The oncoprotein H-RasV12 increases mitochondrial metabolism
© Telang et al; licensee BioMed Central Ltd. 2007
Received: 24 August 2007
Accepted: 01 December 2007
Published: 01 December 2007
Neoplastic cells increase glycolysis in order to produce anabolic precursors and energy within the hypoxic environment of a tumor. Ras signaling is activated in several cancers and has been found to regulate metabolism by enhancing glycolytic flux to lactate. We examined the effects of sequential immortalization and H-RasV12-transformation of human bronchial epithelial cells on the anabolic fate of fully-labeled 13C-glucose-derived carbons using two-dimensional total correlated spectroscopic analysis-nuclear magnetic resonance spectroscopy (2D TOCSY-NMR).
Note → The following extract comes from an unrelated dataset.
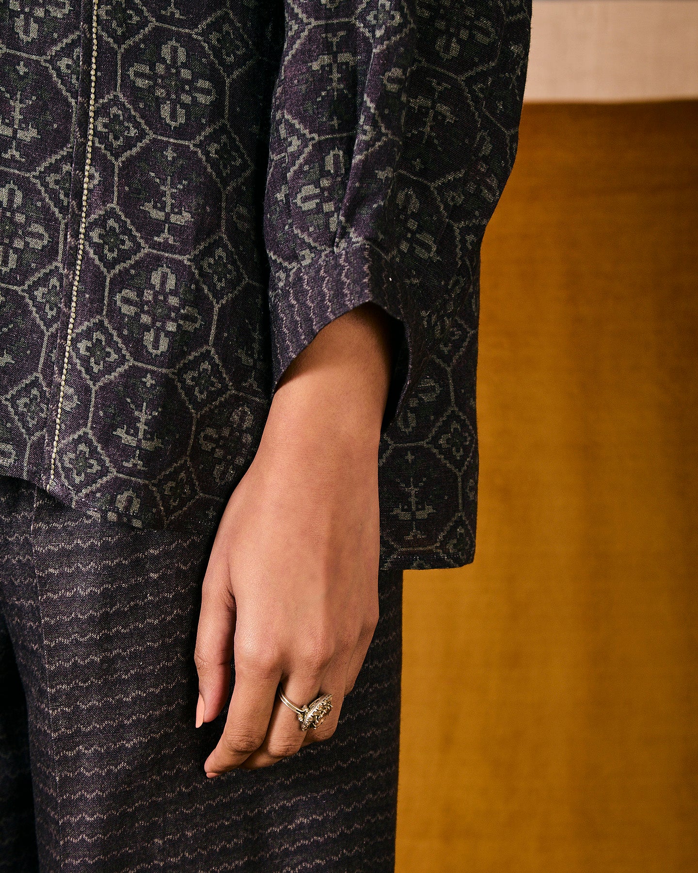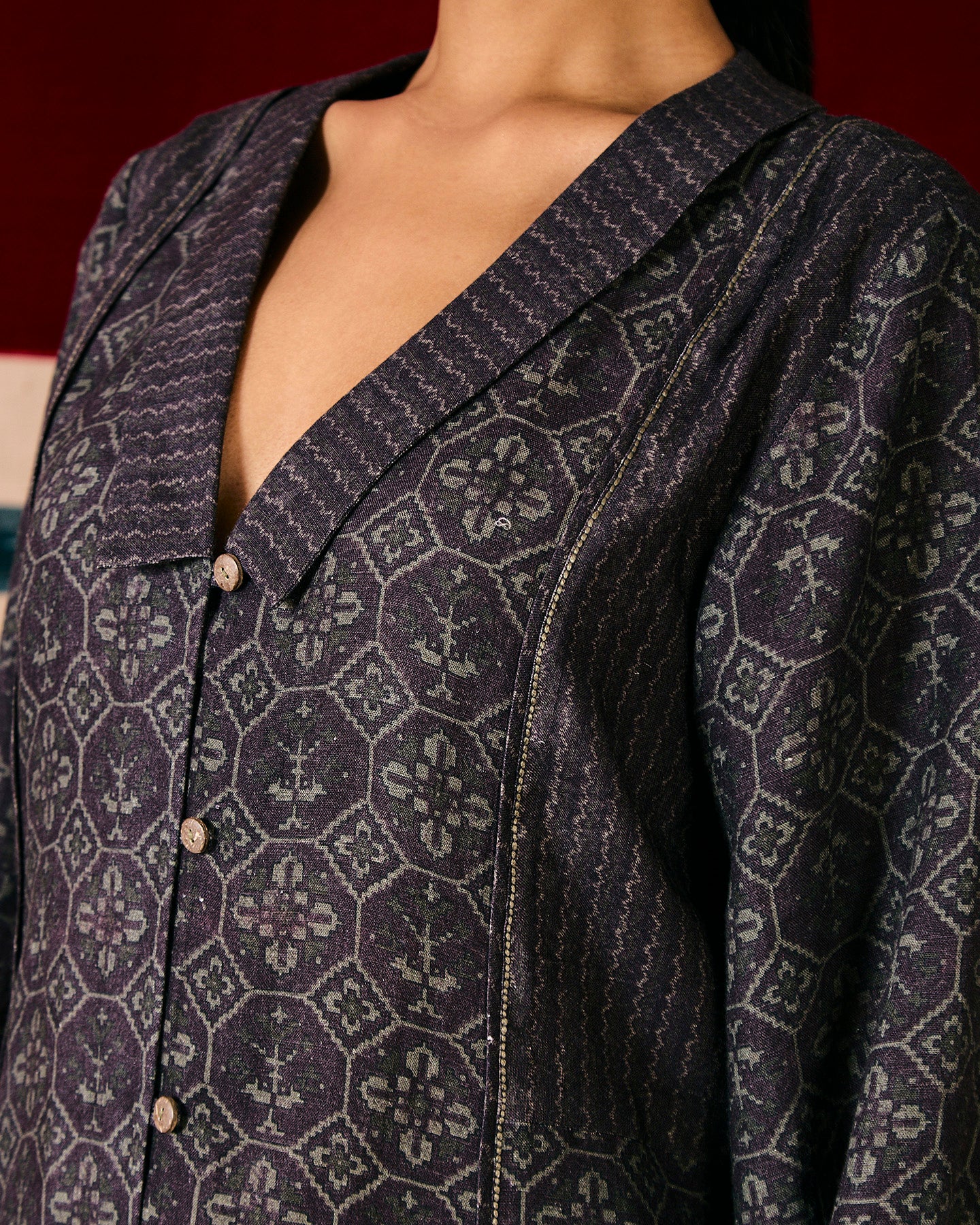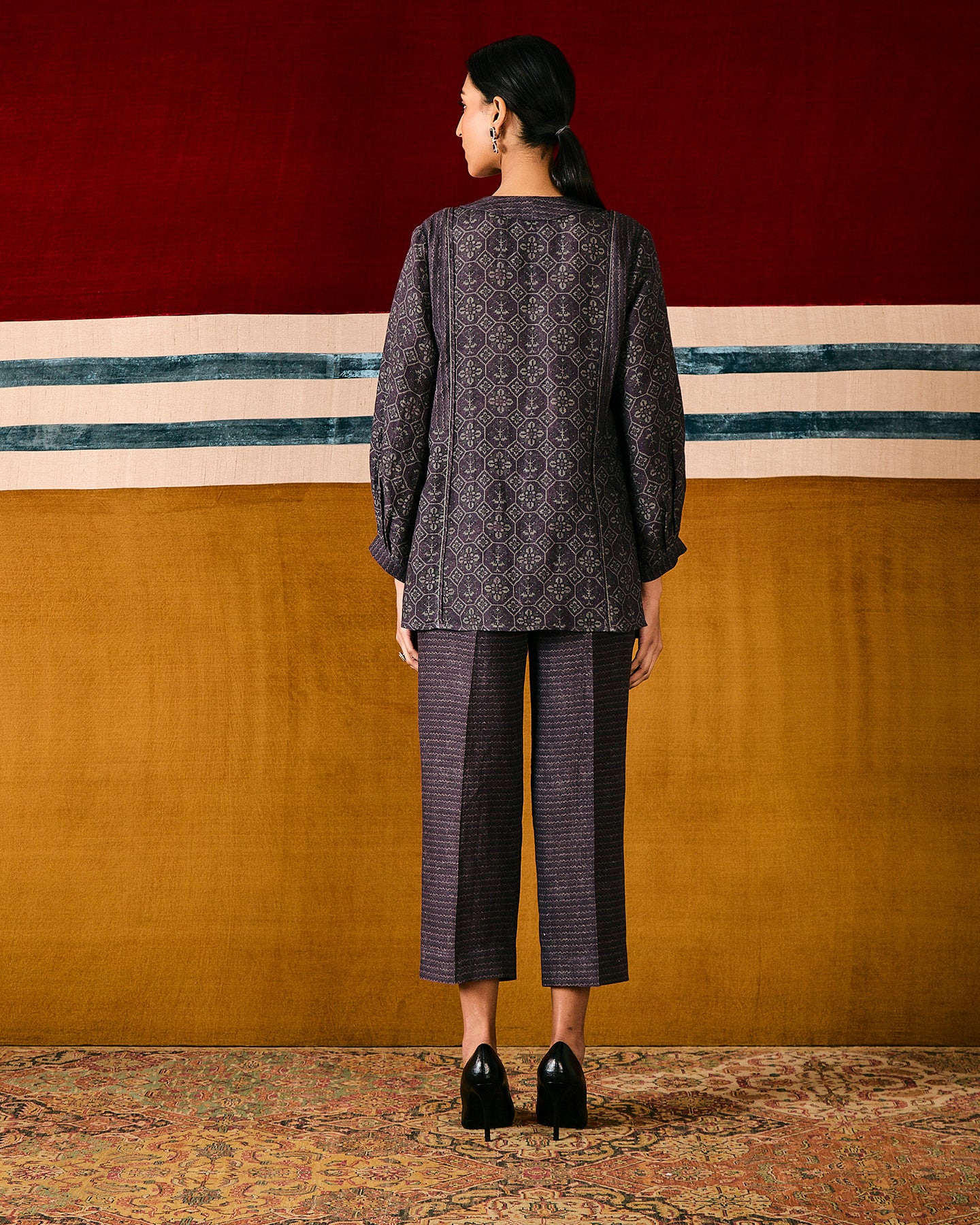 This blackberry pure linen co-ordinate set features an exclusive in-house geometric print. The panelled shirt features a Chelsea collar, front placket with buttons, cuffed full sleeves, and thread work. It is paired with straight-fit pants with pockets.

We found that the introduction of activated H-RasV12 into immortalized human bronchial epithelial cells unexpectedly increased tricarboxylic acid cycle activity as measured by the direct conversion of 13C-glucose carbons into the anabolic substrates glutamate/glutamine, aspartate and uridine. We then observed that immortalization and H-RasV12-transformation of bronchial epithelial cells caused a stepwise increase in oxygen consumption, a global measure of electron transport chain activity. Importantly, ectopic expression of H-RasV12 sensitized immortalized cells to the ATP-depleting and cytotoxic effects of electron transport perturbation using the complex I inhibitor rotenone.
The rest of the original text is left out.